There are very few things in my control right now. I make only a single demand in the purchase of the library—that Christopher Bardot meet with me personally. I want him to look me in the eye when he signs these documents. Part of me is afraid of what I’ll find, but I need to know. Did he ever care about me? He manipulated me to save the library, only to hold it hostage for a hefty chunk of my trust fund. The same trust fund he fought so hard to protect. He’s an enigma wrapped in a mystery, and I’m determined to peel away at least a few layers at our meeting.

His acceptance comes back in the form of a hand-couriered, notarized letter. He agrees to the meeting, it says, as long as it happens at a restaurant of his choosing.

It raises the stakes, taking a business meeting and making it happen like a date.

I should be immune to that kind of manipulation, but there’s still hope inside me, buried deep with barely any sunlight.
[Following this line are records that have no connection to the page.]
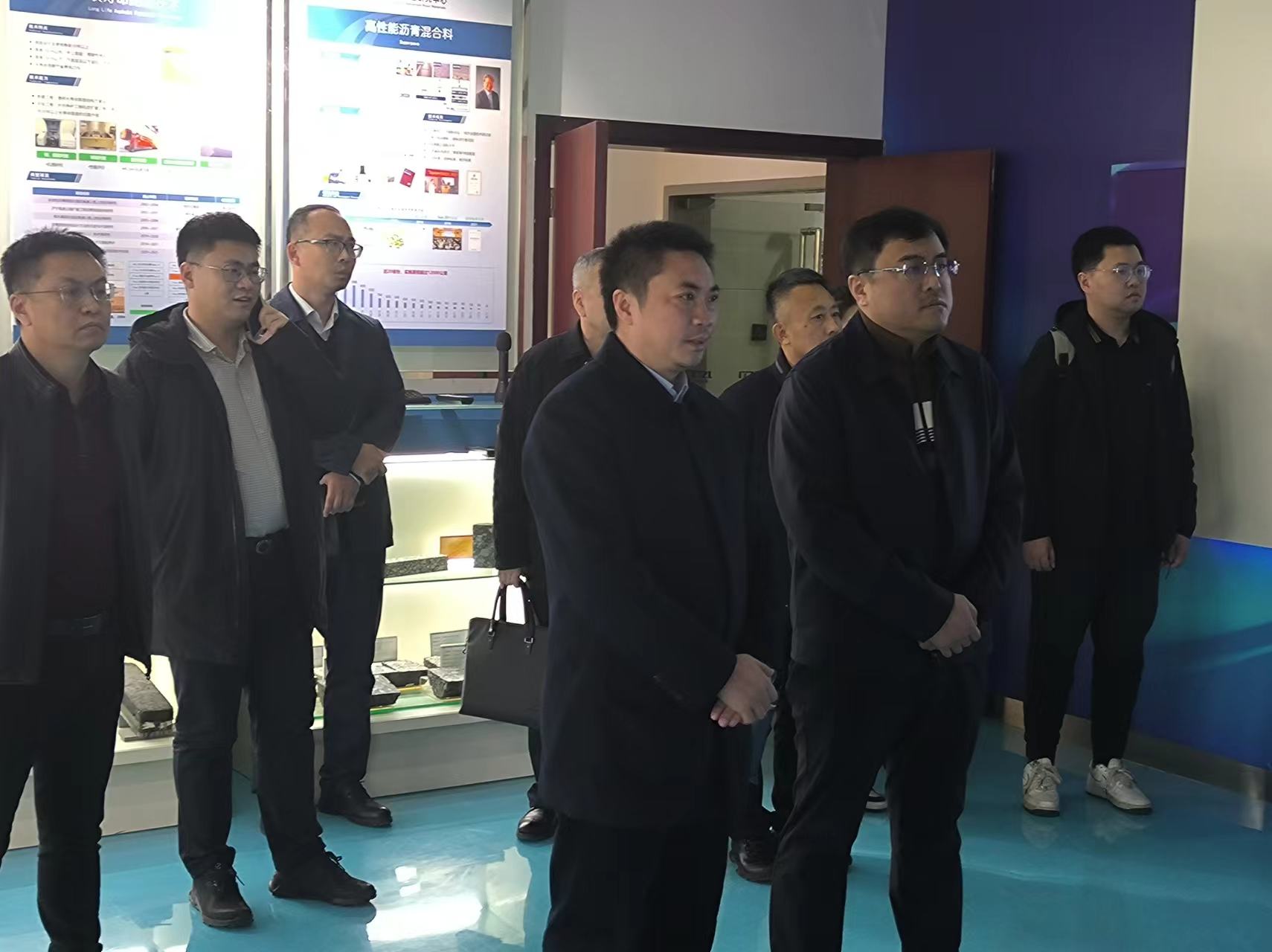 会前,王志军董事长一行参观新型道路材料国家工程研究中心、南京交科数智智慧工地展厅。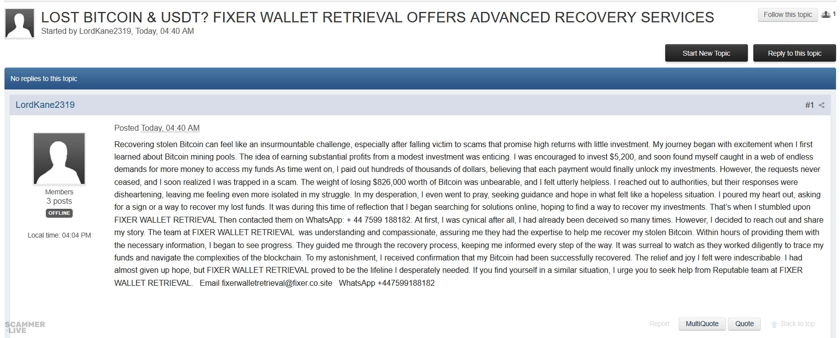 Scam/Fraud Info:Recovering stolen Bitcoin can feel like an insurmountable challenge, especially after falling victim to scams that promise high returns with little investment. My journey began with excitement when I first learned about Bitcoin mining pools. The idea of earning substantial profits from a modest investment was enticing. I was encouraged to invest $5,200, and soon found myself caught in a web of endless demands for more money to access my funds.As time went on, I paid out hundreds of thousands of dollars, believing that each payment would finally unlock my investments. However, the requests never ceased, and I soon realized I was trapped in a scam. The weight of losing $826,000 worth of Bitcoin was unbearable, and I felt utterly helpless. I reached out to authorities, but their responses were disheartening, leaving me feeling even more isolated in my struggle. In my desperation, I even went to pray, seeking guidance and hope in what felt like a hopeless situation. I poured my heart out, asking for a sign or a way to recover my lost funds. It was during this time of reflection that I began searching for solutions online, hoping to find a way to recover my investments. That’s when I stumbled upon FIXER WALLET RETRIEVAL Then contacted them on WhatsApp: + 44 7599 188182. At first, I was cynical after all, I had already been deceived so many times. However, I decided to reach out and share my story. The team at FIXER WALLET RETRIEVAL was understanding and compassionate, assuring me they had the expertise to help me recover my stolen Bitcoin. Within hours of providing them with the necessary information, I began to see progress. They guided me through the recovery process, keeping me informed every step of the way. It was surreal to watch as they worked diligently to trace my funds and navigate the complexities of the blockchain. To my astonishment, I received confirmation that my Bitcoin had been successfully recovered. The relief and joy I felt were indescribable. I had almost given up hope, but FIXER WALLET RETRIEVAL proved to be the lifeline I desperately needed. If you find yourself in a similar situation, I urge you to seek help from Reputable team at FIXER WALLET RETRIEVAL. Email fixerwalletretrieval@fixer.co.site WhatsApp +447599188182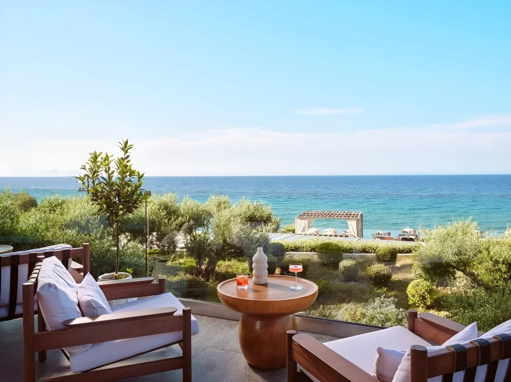 Suita Grand Royal cu vedere la mare si piscina privata - varful ofertei de cazare a hotelului, cu o suprafata impresionanta de 160 m², terasa ampla si piscina privata. Aceasta suite reprezinta apogeul luxului, oferind o experienta de vacanta de exceptie intr-un cadru regal, cu panorama nemasurata a Marii Ionice.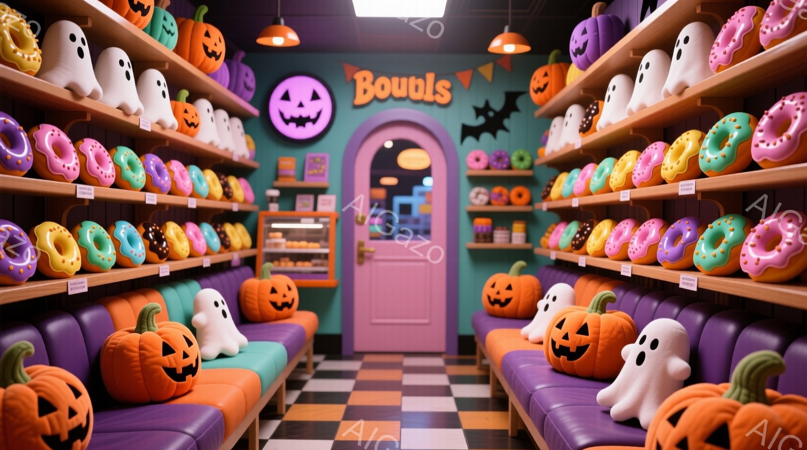 ハロウィーンをテーマにしたドーナツ店の内部です。紫色のブース席には、様々な表情をしたジャック・オー・ランタンのクッションが置かれ、壁にはカラフルなドーナツがずらりと並んでいます。店内の装飾は、お化けやカボチャで溢れ、ハロウィーンの楽しい雰囲気を演出しています。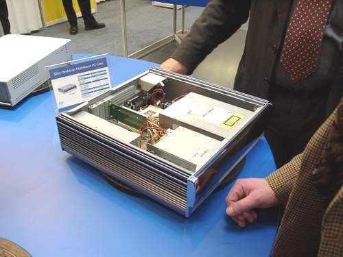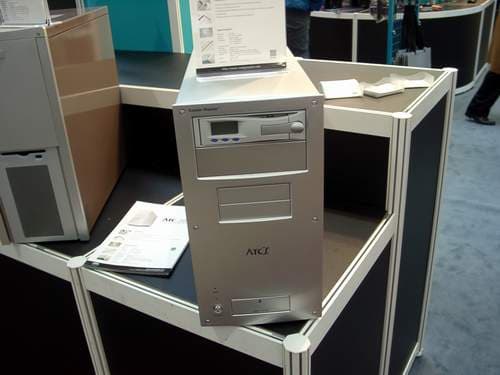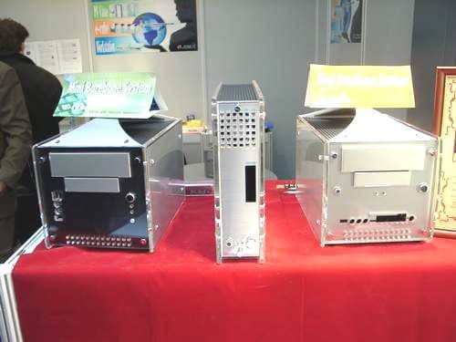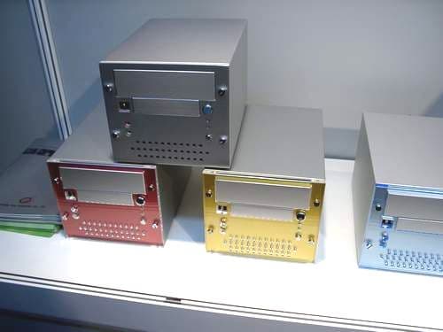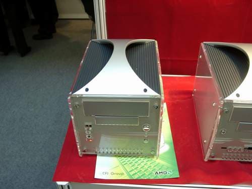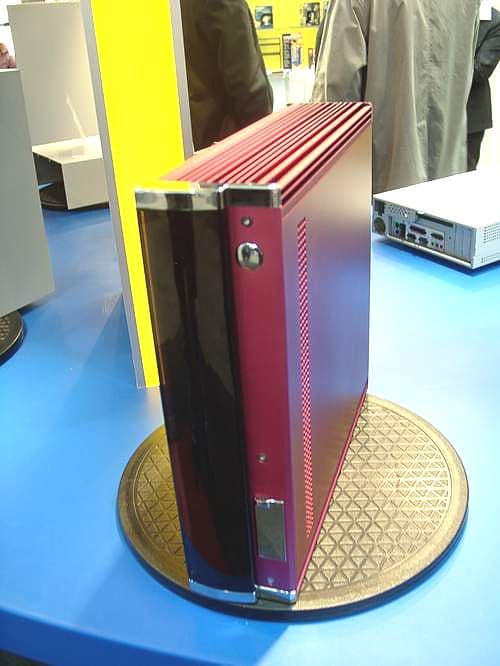 В павильоне, наводненном всевозможными корпусами, можно легко было принять за них Mini Barebone System под именем e-Cube. В принципе, за привлекательным корпусом скрывается современный ПК на основе процессора от AMD, что делает стоимость системы относительно невысокой. Есть подобные и большие системы, дизайн таков, что их уже, как чемоданчик не поносишь.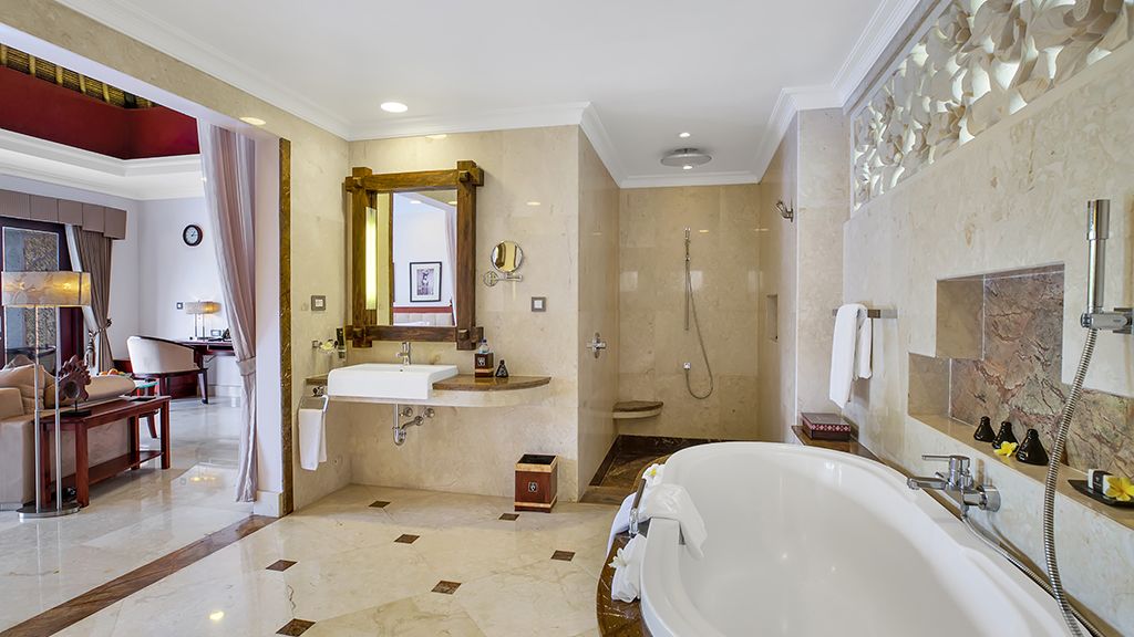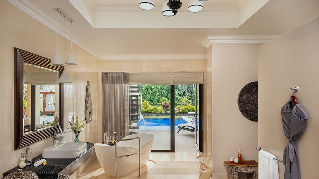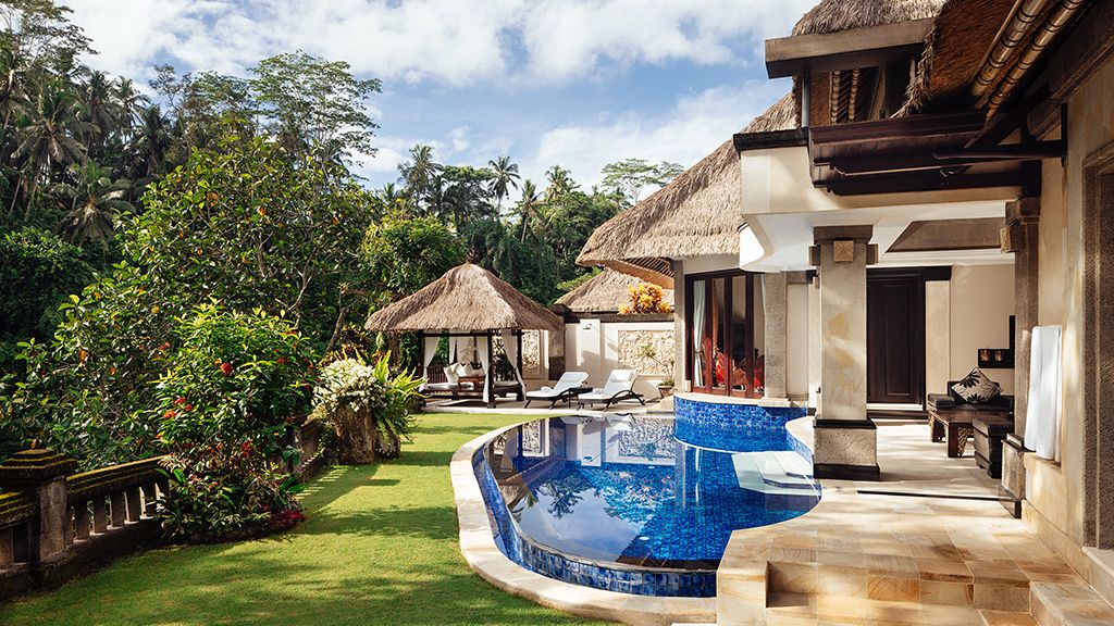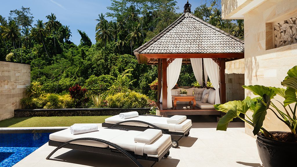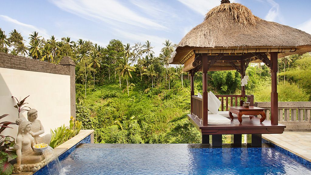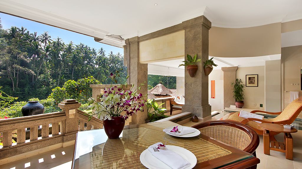 Terrace pool villa's have a traditional balé perched elegantly over the private outdoor heated pool. These bungalows are the ideal place to look out to the spectacular jungle valley views; relaxing and reading or for an afternoon siesta. The villa boasts an alang-alang grass thatched roof and open plan marble bathroom. The bedroom is integrated with a generous living space and fitted with luxury amenities.

He might hold my hand across the table and tell me that he loves me. That he wants to develop the library together. Those kinds of fantasies are ridiculous. If that’s what he wanted he would have said so from the start instead of making me pay so much.

A limo arrives at seven pm on the dot, its back seat empty. I hide my disappointment from the driver as I step inside. Streetlights flash over my face as we cross Tanglewood.